它还发出了一声不好意思的“喵……”,无辜地对气味源泉的人类眨了眨眼。
无恶意,它只是觉得这客人身上味道克它。
小花光明正大的厌恶,让拉斐尔无言以对。
都怪那个异端者,喜好厌恶甚至影响到了阿玖的豹子——
作者有话说:要加班加到死了(
第99章 你醒了
冒险者处于侧身躺睡的状态, 呼吸平稳面容透露着熟睡的安宁。
拉斐尔隔着一条毛绒豹纹警戒线,静静地凝望入睡的岑玖,手隔空轻轻一抚, 低语祷词。
“喵嗷?”小花注意到这位客人的动静, 疑惑地抬头,顿时被他身上亮起的辉光吸引过去, 适应昏暗环境的圆圆瞳孔被闪成了细针状。
它没有从中感知到危险的气息, 反而迎着光亮惬意地眯起眼,感受其中蕴含的温暖能量,去蹭了蹭作为其最大受益者的岑玖。
做完宿醉预防后,牧师收起手,静坐在床沿上,垂下双目, 低声提醒厨房出来的端着托盘的人影:“照顾好她, 明早我会再来拜访。”
阿利库讨厌这人说话时视线都黏在监护人身上的状态,既不尊重玖又看低了自己。
——完全是一个目中无人的家伙。
心中不满归不满,他的情绪没有体现在肢体动作上,摆放器具的动作温柔亲和, 杯中水面只有非常轻微的晃动, 语气也是学了冒险者另一面, 礼貌中带着刺:“这里是我们的家,夜深了, 你该走了,为了你的家人。”

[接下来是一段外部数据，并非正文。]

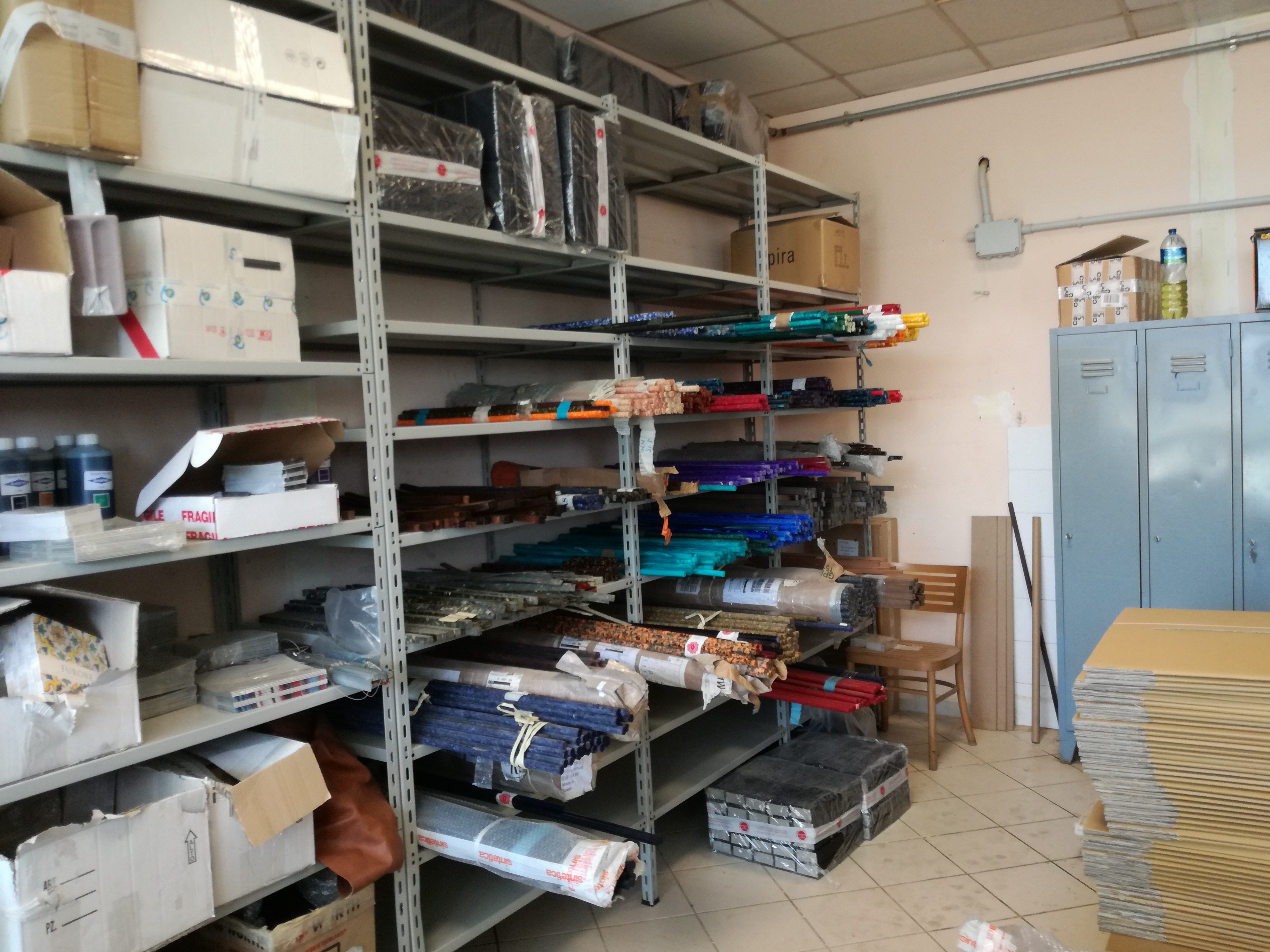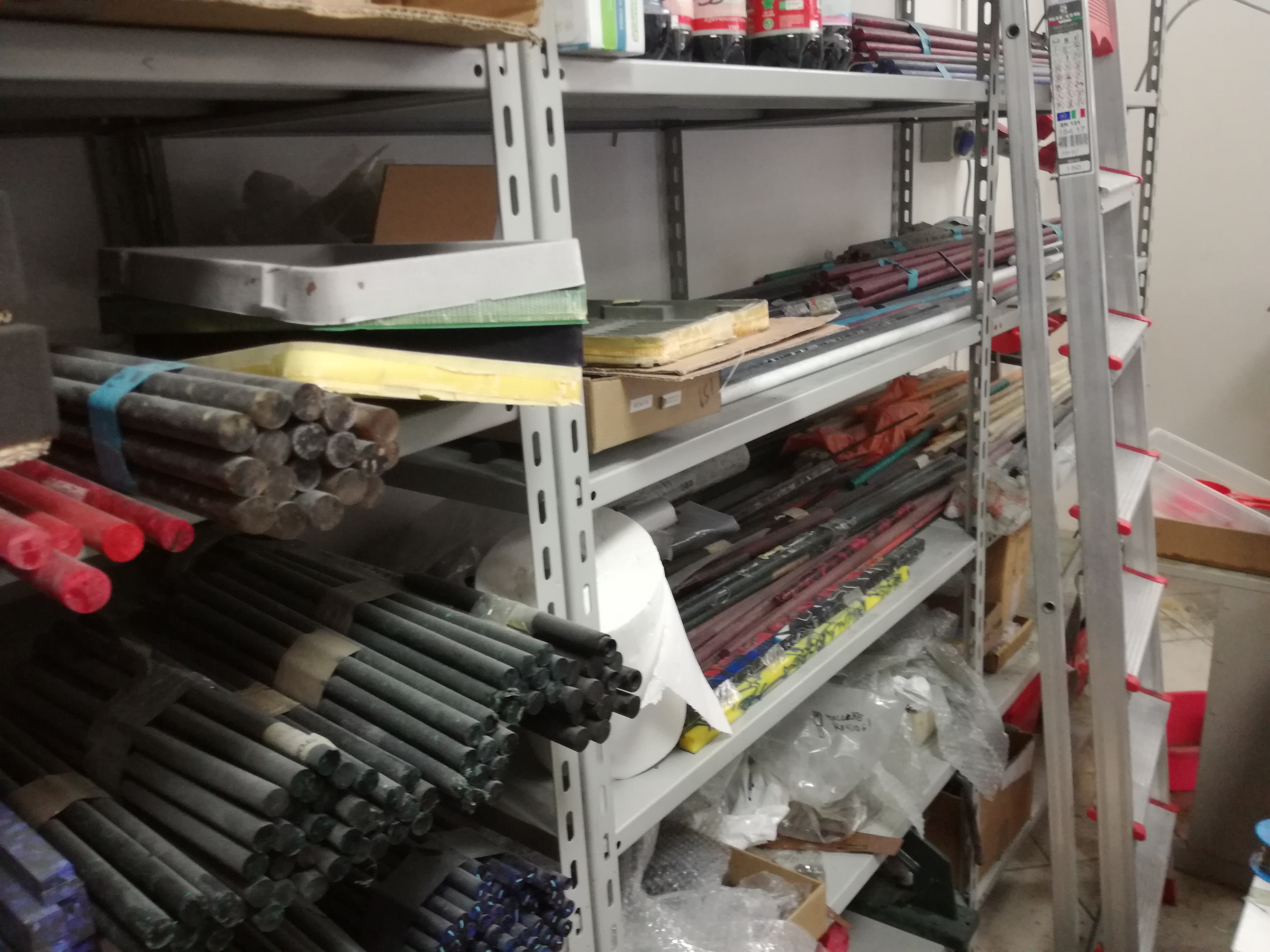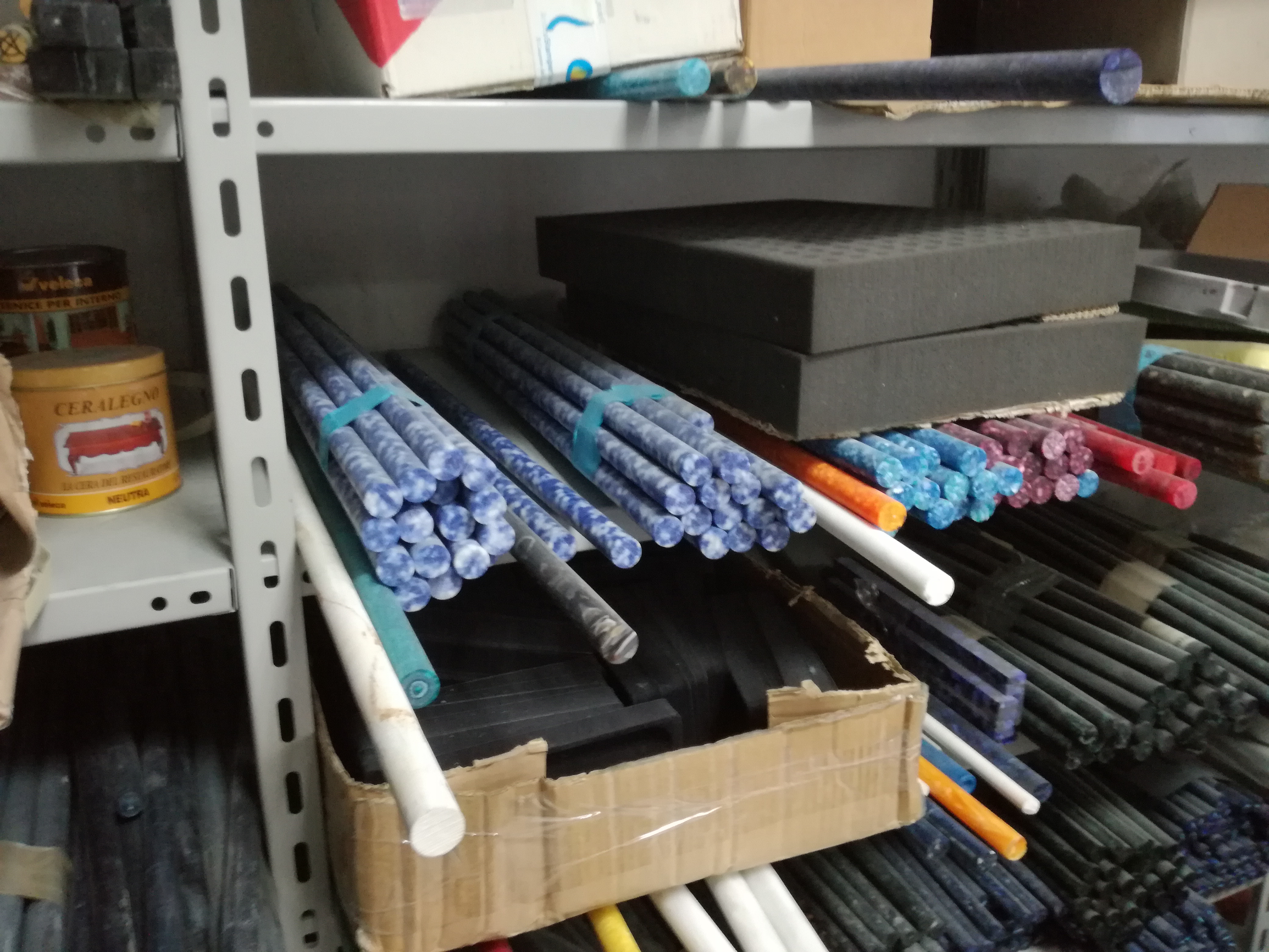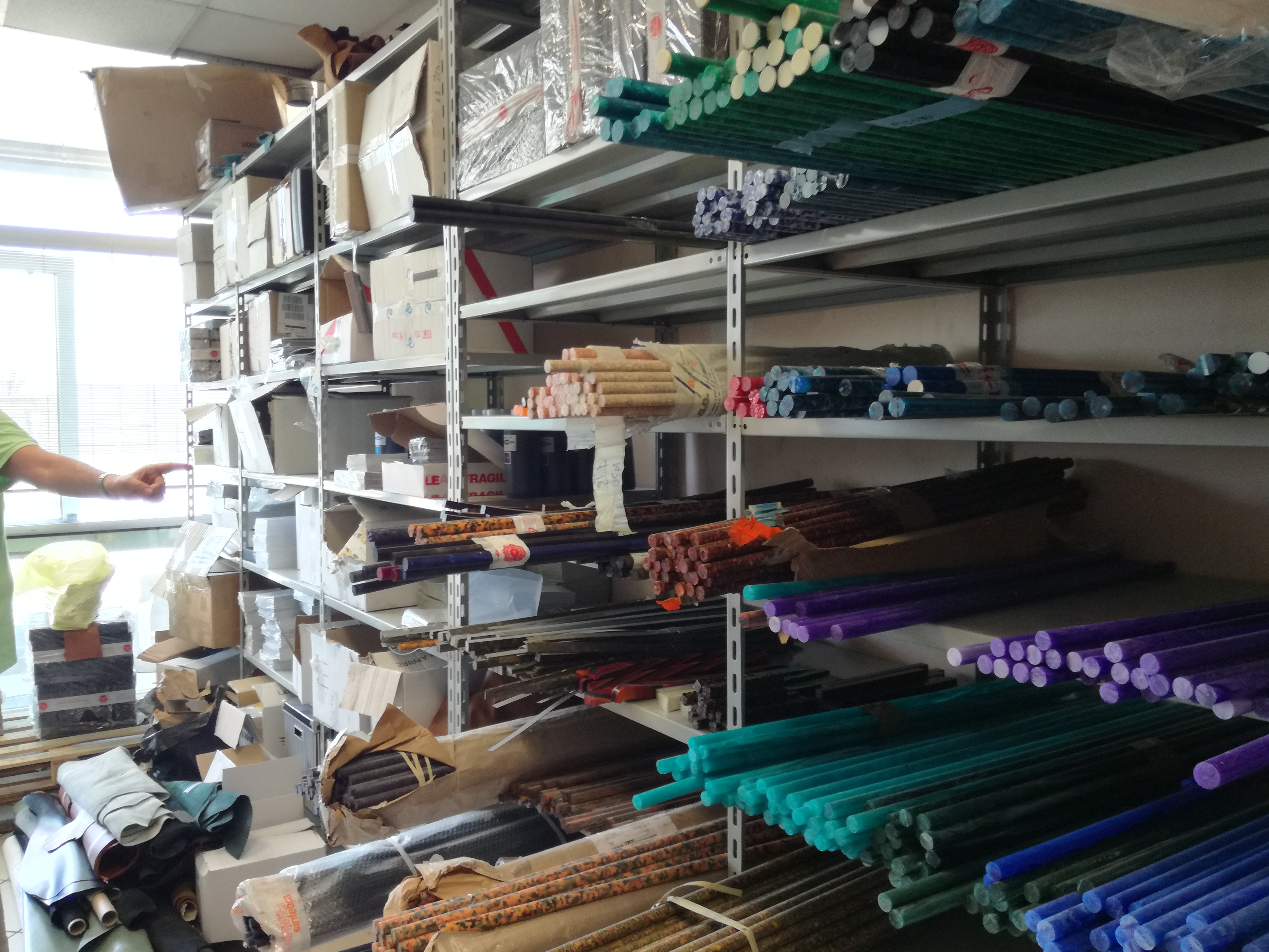 Una volta dentro Salvatore Matrone ci ha iniziato ad illustrare l'area dove assemblano a mano ogni singola penna, l'area dove vengono lucidati i vari componenti prima dell'assemblaggio e dove vengono testati i pennini. Viene davvero fatto tutto a mano. Poi ci ha mostrato il tornio su cui nascono le nuove creazioni, tutti i modelli più esclusivi, ma soprattutto le novità che verranno messe sul mercato a breve. Tra le novità ci sono materiali esclusivi che faranno parlare di loro, sono delle resine molto belle che si ispirano alle introvabile celluloidi Arco che verranno chiamate Cuspide, e modelli nuovi davvero belli, tra questi la prima esclusiva penna faccettata a tredici facce marchiata Leonardo Officine Italiane, occhio perché sarà un'edizione molto limitata. Salvatore è una vera miniera di idee e la qualità dei suoi prodotti fa si che oltre alla sua produzione gli vengano continuamente richiesti modelli esclusivi da diversi negozi di fama e prestigio noti. Poi dalle foto di Maxpop avrete notato l'area dei tesori, dove sono conservate le ultime preziose barre di Arco Marrone... e non solo! Chi ha occhio potrà scorgere anche il bellissimo Saft Green sempre di OMAS, insomma roba da leccarsi i baffi. A proposito di OMAS, è stata una piacevole sorpresa vedere un vecchio macchinario OMAS acquisito da Salvatore, un macchinario che continuerà a servire un marchio che realizza penne con passione e professionalità.

拉斐尔动作僵了片刻, 站起身,与他擦肩而过,全程没有给他一个眼神。
“……”阿利库的呼吸变得紧张粗重, 他讨厌拉斐尔能无视自己的余裕,而他却不得不抬头,盯梢戒备他的一举一动。
无视异端者的警戒,拉斐尔神色自若,仿佛这里才是他的家一般,而阿利库才是那个紧张的外来者。
门缝扩大,风压拉扯着屋中灯火,尚处于清醒状态的二人影子投在墙上,不停摇曳变形。
阿利库握紧拳头,也走到了屋门边,他要代替监护人,送走这个不怀好心的来客。
“不会太久。”
他听到半步踏出屋外的牧师目视远方道路,说出了令人一头雾水的话语。
听不懂具体内容,但并不影响阿利库感受其中冲自己来的恶意。这否定句,无疑是在说他。